The big city is badly bent

24 September 2001

 

 

NEW YORK - The train into Penn Station passes through Queens, curving around the island of Manhattan. At one point, there is a break in the buildings and the entire city is visible.

 

To a man and a woman, every passenger turns and stares. Chattering voices still. We are all looking for something that isn't there.

 

In a souvenir shop, I glance at postcards displayed on a rack: The Statue of Liberty, the Empire State Building, magnificent views looking north, through midtown and Central Park.

 

But there are no views looking south.

 

The streets are filled with hawkers, peddling the ubiquitous watches ("Genuine Rolex. $10"), bootlegged CDs, foods of almost every nation sold from steel carts. And there are new products too, all of them red, white and blue: Flags, posters bragging "United We Stand," ribbons to be pinned to one's clothes.

 

And it's on the street that I find the missing postcards, the ones with the view that will never be again. The postcards now sell for a premium, collector's items, next to large photos of buildings in flames.

 

Many recent New York buildings were constructed with vast common spaces, a concession to the public for the lack of open space in the most densely packed parts of the city. They were like interior parks, respites from the crowded sidewalks. Now they are blocked off. "Employees Only," read hand-lettered signs.

 

Guards are everywhere, all decked out in new blue uniforms. Taking an elevator now requires one to sign in, showing an ID and giving a destination. It's chaotic.
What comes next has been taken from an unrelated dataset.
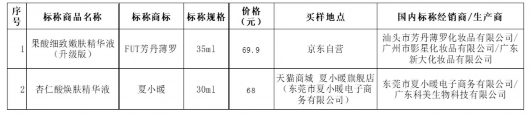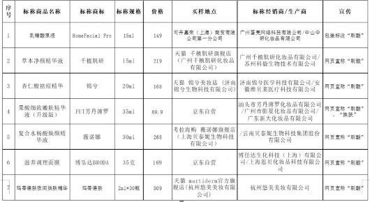 (1)7件标注妆字号的样品宣称有“刷酸”“换肤”等字样

People slip by, unwilling to wait in line, unnoticed by the guards.

 

Bostonians are proud of the flags they display on their doors and fly from their car aerials. But they are nothing compared to New York, which seems positively festooned. In some restaurants every table has its own flag; the waiter encourages diners to take it when they are done.

 

The stock market may be down, but somewhere makers of uniforms and flags are doing very well indeed.

 

New York's newspapers, always pugnacious, are in exceptionally fine form. They take the attack personally and vow on behalf of the city that it won't bring them down. The New York Post distributes a giant poster with the face of Osama bin Laden. "Wanted: Dead or Alive," it demands, "For mass murder in New York City."

 

The streets are packed, as they always have been, yet, despite the braggadocio of the press, the city seems down. Hotels are empty. People stay home. There are few smiles, little laughter. It is as if a pall has settled over the area like the thick dust.

 

Nighttimes for many are spent going from one memorial service to the next. Posters for the missing are everywhere. The faces smile out, young and old, with their names and workplaces listed. Few New Yorkers have any hope left of finding them alive and so the posters have become memorials of a sort.

 

From afar, jets crashing and buildings tumbling were a spectacle. Up close, it's two sisters missing or a dad that never came home from work.

 

Even after the loss of over 6,000, there are still more than 7 million inhabitants of New York. Everyone speaks of a desire to shake off the gloom, to get back to business, to return to the wonderfully chaotic wildness of yesterday. They know it does not dishonor the dead for those who remain to live as they once did. But it's hard. It all seems too soon.

 

For now, New York is a city grieving, still trying to understand an empty wound in the sky.